Butterfly genus in family Lycaenidae

Teratozephyrus is a genus of butterflies in the family Lycaenidae.(Theclini) It is an East
Palearctic (China, Taiwan, North Indochina) species associated with Quercus.

==Species==
- Teratozephyrus arisanus (Wileman, 1909) Taiwan, Yunnan.Includes T. a. picquenardi (Oberthür, 1914) and T. a. kachinus Koiwaya, 2000 Myanmar
- Teratozephyrus zhejiangensis Chou & Tong, 1994 Zhejiang
- Teratozephyrus hecale (Leech, 1894) Tibet, West China.
- Teratozephyrus chibahieyukii Fujioka, 1994 China, Szechwan, Kuan-Hsien, north west of Cheng-tu.

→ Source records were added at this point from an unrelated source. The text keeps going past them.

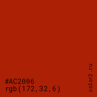 Цвет #AC2006 в цветовой модели RGB обозначается тремя октетами (172, 32, 6) в десятичном формате и #AC2006 в шестнадцатиричном (hex) формате, которые являются интенсивностью красного 172 (hex AC), интенсивность зелёного 32 (hex 20) и интенсивность синего 6 (hex 06).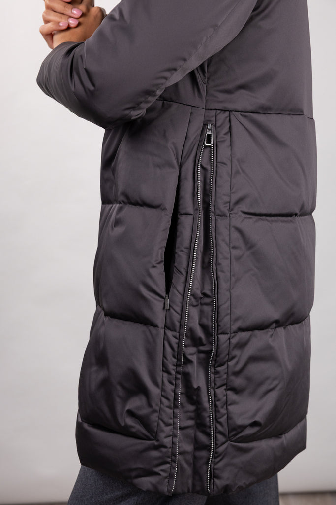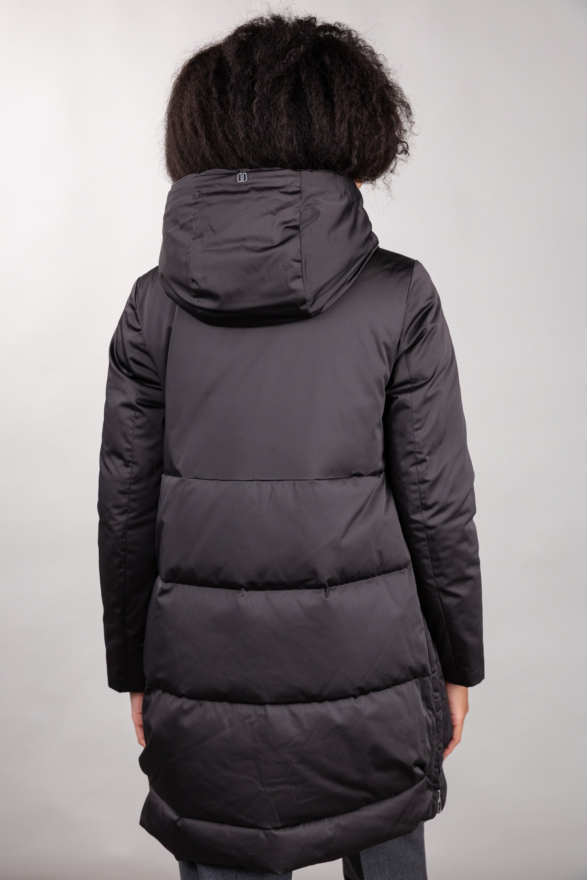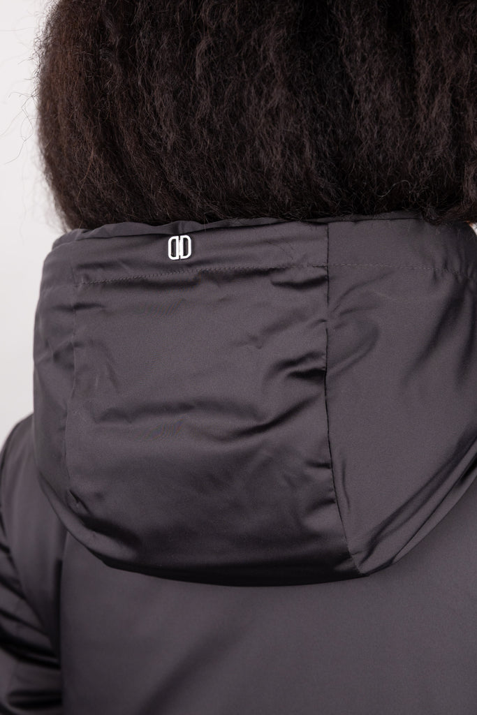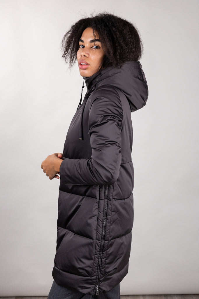 Piumino in raso tecnico caratterizzato da pannelli trapuntati nella parte bassa e da zip laterali con soffietto che permettono di regolare l’ampiezza del fondo. Ampio cappuccio con coulisse e chiusura frontale con zip metallica doppio cursore con dettaglio di tirazip. Tasche laterali con zip invisibile e polsino interno in maglia tecnica.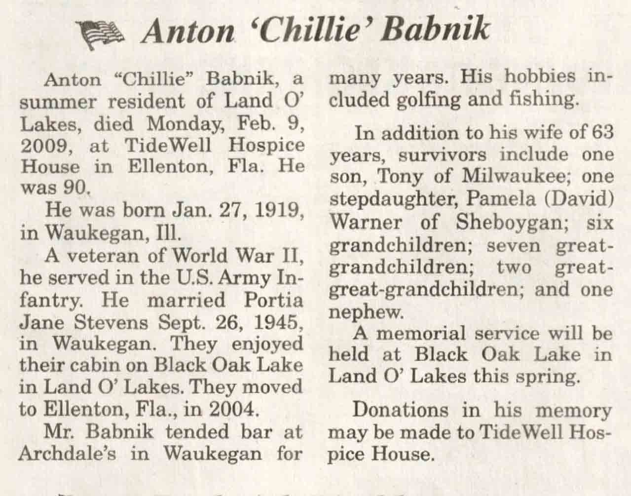 | Babnik | Anton 'Chillie' | 27 Jan 1919 | 09 Feb 2009 | V N-R | 18 Feb 2009 | 4A |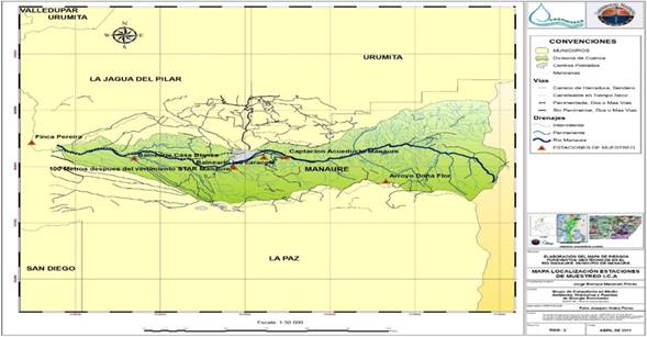 Se ubicaron seis estaciones en cada uno de los ríos y se tuvieron en cuenta las recomendaciones de la Guía Metodológica de la Política Nacional del Recurso Hídrico y la Metodología General para la presentación de estudios ambientales del Ministerio de Ambiente, Vivienda y Desarrollo Territorial (MAVDT) (MAVDT, 2010). Las estaciones establecidas en el río Manaure en orden ascendente fueron el Arroyo Doña Flor (E1), Captación Acueducto Manaure (E2), Balneario Caracolí (E3), Sistema de tratamiento de aguas residuales STAR Manaure (E4), Balneario Casa Blanca (E5) y Finca Pereira (E6) (Figura 1). En ese mismo orden para el río Casacará las estaciones correspondieron al Arroyo Trementina (E1), Vereda Carrizal (E2), Acueducto Casacará (E3), Finca María Josefa (E4), Puente Amarillo (E5) y la Intercesión río Sicararé - río Casacará (E6) (Figura 2).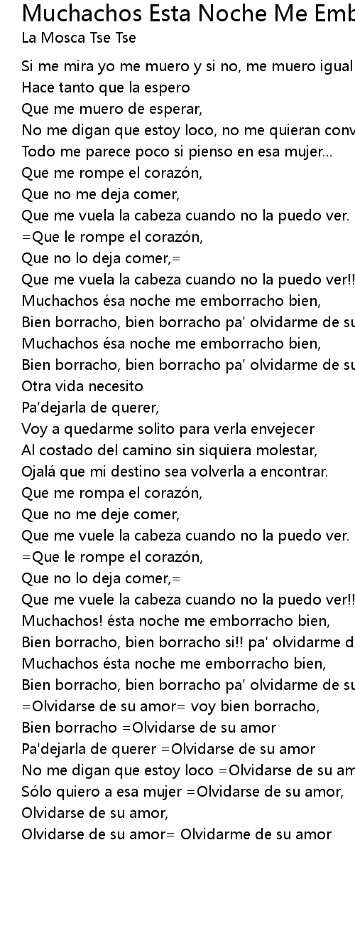 | Bien borracho, bien borracho pa' olvidarme de su amor. | |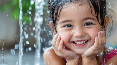 Obraz premium Happy Child Playing in Water with Bright Smile and Joyful Expression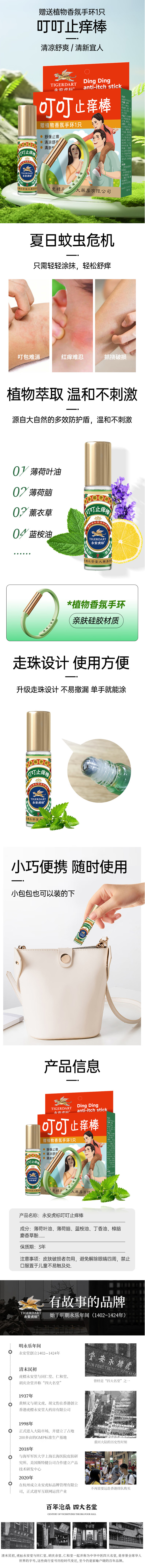 永安虎标 清凉舒爽薄荷薰衣草驱蚊 叮叮止痒棒 10ml+手环 雾雨绿(单位:盒)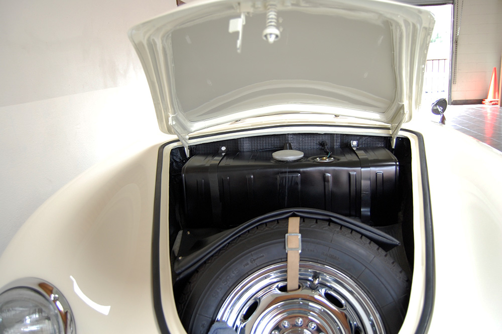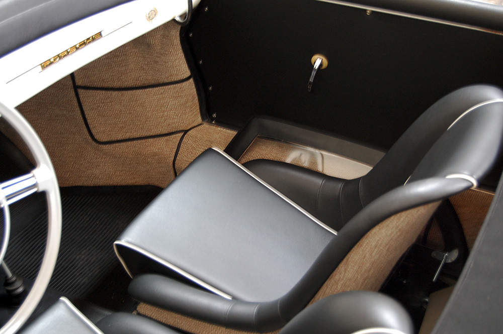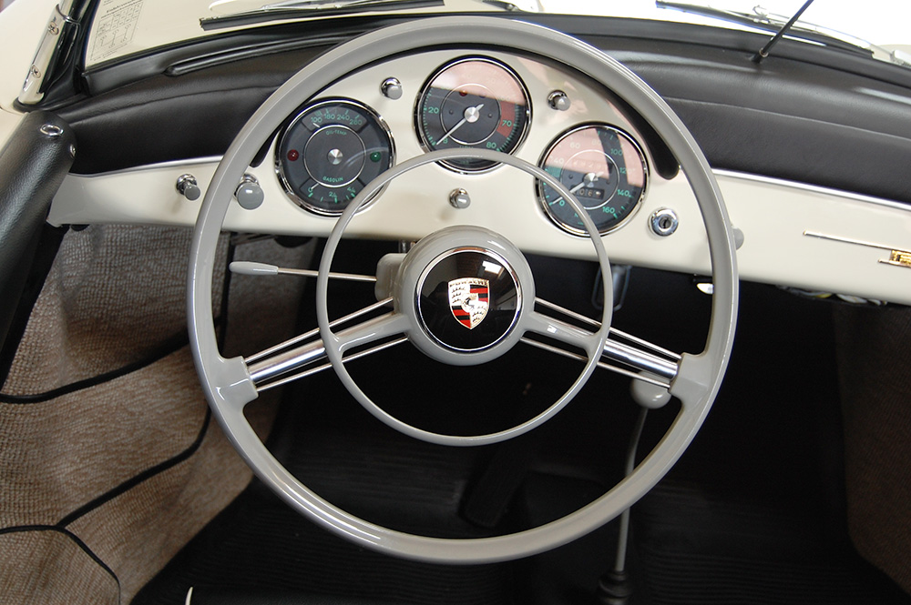 The floor and all of the body panels on this solid, rust-free example are original and retain their correct, factory matching numbers. The car was refinished in its original color combination of white and black leather Speedster seats, which are trimmed with white piping. The interior, including the boot and cover, the side curtains, and the correct, new German square-weave carpets, was handled by Thomas Pocious, and the dashboard instruments were rebuilt by North Hollywood Speedometer. Its original trim parts were restored by marque expert Victor Miles at Concours Refinishing in Ventura, California, and all necessary rechroming was done by the renowned Chris Hanson's shop in Los Angles, all in triple plate. The car was recently fitted with a set of period-dated (10-57), rebuilt, chromed Rudge knock-off wheels and hubs, which were an expensive factory option and are highly sought-after today. The previous owner stated that maintaining period authenticity was important, and "no stone was left unturned" in his pursuit of excellence.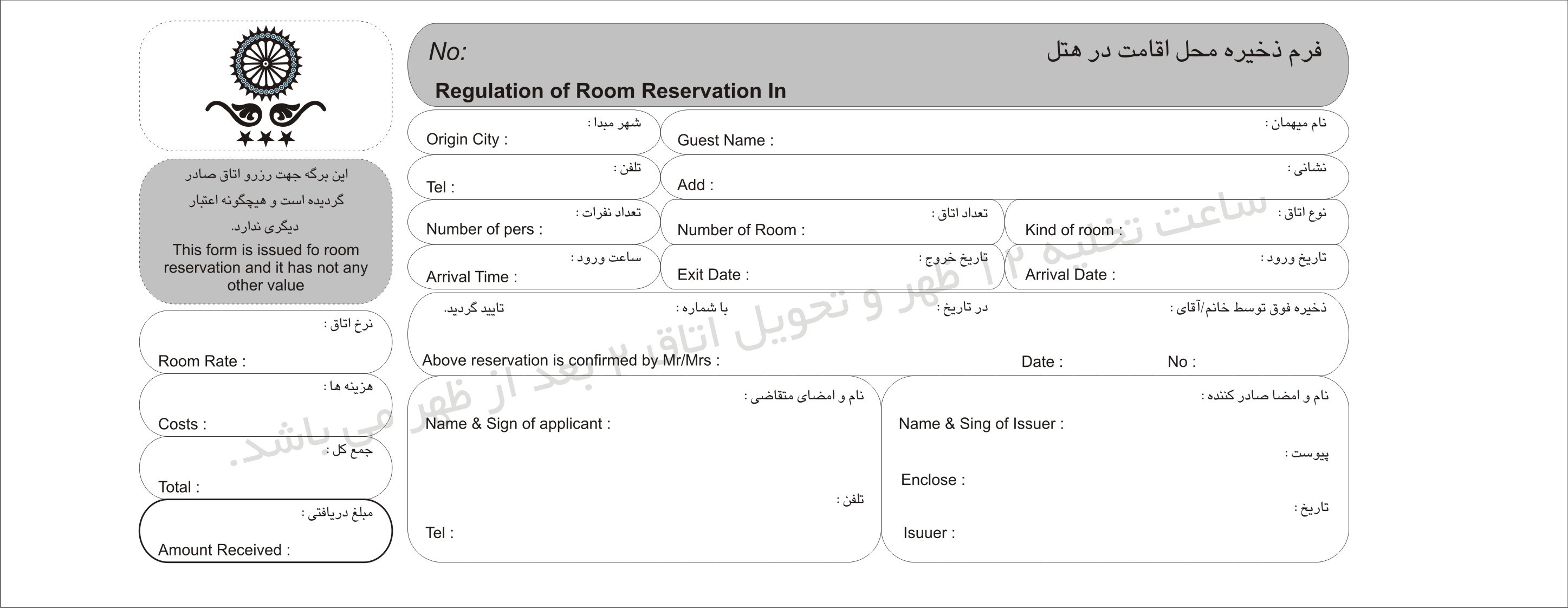 نمونه فرم لایه باز واچر هتل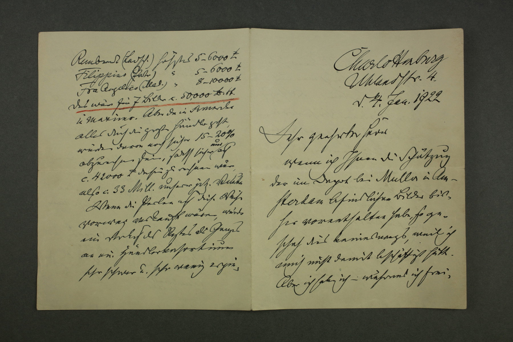 Brief des Berliner Museumsdirektors Wilhelm von Bode (1845-1929) vom 4. Januar 1922 an den Oldenburger Hofrat Friedrich Husmann (1883-1950) wegen des Verkaufs von Teilen der Großherzoglichen Gemäldegalerie ins Ausland nach dem Ende des Ersten Weltkriegs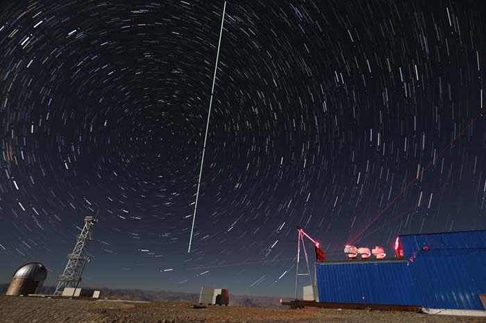 在西藏阿里观测站,“墨子号”量子科学实验卫星过境,科研人员在做实验(2016年12月10日摄,合成照片)。 新华社记者金立旺 摄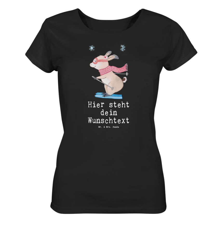Personalizowana koszulka damska królik narciarstwo - Rozmiar XL - Czarny

- Teratozephyrus florianii Bozano, 1996 = Hayashikeia florianii Bozano, 1996 China, W. Sichuan, Kangding.
- Teratozephyrus hinomaru Fujioka, 1994 China, Szechwan, Nanchuan, Chin-fo-shan, 1600–1800 m.
- Teratozephyrus kimurai Koiwaya, 2002 Vietnam
- Teratozephyrus muroyai Fujioka, 2003 = Teratozephyrus kimurai
- Teratozephyrus nuwai Koiwaya, 1996 China Gansu, Tianshui (1700m).